2. Integrate genetic counseling referrals into the primary care setting
Genomic medicine is rapidly evolving, and its technologies are becoming increasingly complex. Many primary care providers lack both confidence and skill in genetic testing due to a lack of experience and training in this area.[8]
It is understandable that a PCP may not be well-versed in genetic testing and genomic medicine. However, they can be a conduit to connecting patients to genetic counselors, if appropriate, and PCPs can, and should, lean on genetic counselors to advise them when they feel that they don’t have the resources or the time to adequately address the expanse of genomic medicine. Genetic counselors can be an invaluable resource for providers, whose expertise can aid in guiding processes from appropriate test selection to results interpretation to helping patients and providers navigate next steps based on their results.
At Quest Diagnostics, PCPs and specialists can reach one of our board-certified genetic counselors or other experts through our genomics client services group to gain insights into genetic testing for their patients.

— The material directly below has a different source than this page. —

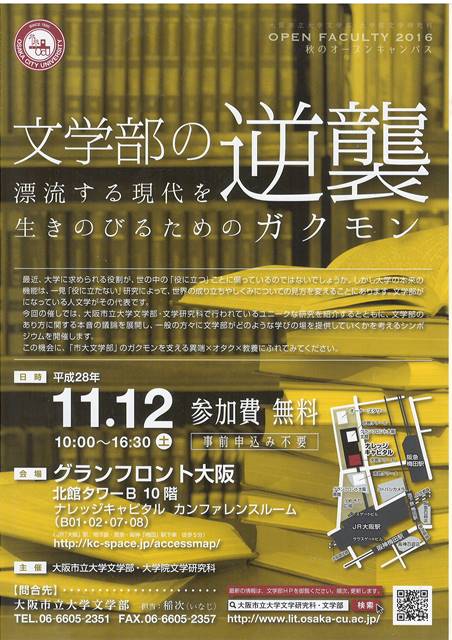 ◆ちょっと研究室の模様替えというか、あまりに増えていく物資、これらが雑然とそちこちに積みあがっているので、仕事に飽きたら片付けなどしています。で、こんなんが出てきました。市大・府大統合にかかわる文学部の会議に金曜日出たところですが、なにかの役に立つかもしれません。この会議、2時間の予定でしたが、博物館展示論の第1回があったため、半分で抜ける。まあ、なかなか発言しにくい。自分が抜ける時間も迫り、発言を求めて1回しゃべりましたが、なので後半戦がどうなったかはわかりません。11月に梅田でやるイベントのチラシも掲げておきます。

They can also assist in connecting patients with resources to find a genetic counselor who can provide comprehensive counseling services and risk assessment.
3. Address disparities in access to genetic testing and counseling
This is perhaps the most complex in a web of complicated issues and barriers we must navigate to help increase access to genetic counseling and testing, and therefore increase testing for Lynch syndrome and other hereditary cancer syndromes.
The CDC has cited that many people with genetic disorders and inherited conditions like Lynch syndrome face barriers to health equity that are related to social determinants of health.[9] Among PCPs, common barriers to genetic services referrals include provider concerns about costs to patients and uncertainty of when a genetic referral is appropriate.[10]
There are patient barriers as well, like limited awareness and knowledge about genetic counseling/testing, concerns about cost, confidentiality, stigma, and discrimination, and the impact on the family.[11],[12]
Education of both patients and healthcare providers may reduce culturally and racially based obstacles to genetic testing. When deemed medically appropriate, advanced genetic testing technologies are supported by expert medical specialists, board-certified genetic counselors and covered by payers.